Suppose I have some polynomial with non-negative integer coefficients. You are tasked with guessing the polynomial; I will tell you the value of the polynomial at any integer you choose. How many integers is required for you to be certain of the polynomial? What if the polynomial has multiple variables? The solution to this problem is surprisingly simple and satisfying; we will discuss a few other interesting variations of this problem as well.

November 25

Speaker:

Braxton Osting


Geometric Methods for Graph Partitioning

Several geometric methods for graph partitioning have been introduced in the past few years, with wide applications in clustering, community detection, and image analysis.
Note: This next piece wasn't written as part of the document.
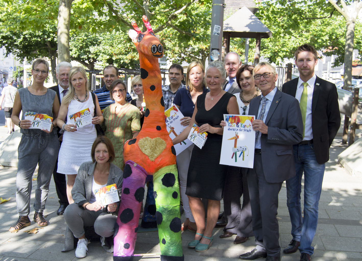 Bürgermeister Dr. Peter Paul Ahrens (2.v.r.) stellte gemeinsam mit Einzelhändlern, Sponsoren und dem Team des Kinder- und Jugendbüros die Aktion „Kids & Kunst überall in der Stadt“ vor.

These methods, which I'll review, are built on graph-based analogues of total variation, motion by mean curvature, the Ginzburg-Landau functional, and Merriman-Bence-Osher threshold dynamics. In this talk, I'll also discuss a new graph partitioning method where the optimality criterion is given by the sum of the Dirichlet eigenvalues of the partition components.

December

December 2

Speaker:

Todd Reeb


Online Social Networks and Random Graph Generation

Graphs are a simple but effective model of Online Social Networks (OSNs) such as Facebook: vertices represent users and edges represent friendships. Such graphs exhibit special properties such as the presence of highly-connected subgraphs corresponding to, say, networks specific to single universities. In this talk, I'll describe these properties, the difficulties in building these graphs from real-world data, and recent progress towards generating random graphs with similar properties in order to test relevant algorithms.

December 9

Speaker:

Jenna Noll


Modeling the Flagellar Regulatory Network in Salmonella

We will discuss my current research project, which is analyzing the regulatory mechanisms in Salmonella that allow construction of flagella to occur in a trascriptional hierarchy. Experimentally, bacteria from the same population with identical genetics are divided into two distinct subpopulations, with some making flagella and others not. I will discuss the believed mechanisms for the bistability, and my current mathematical model.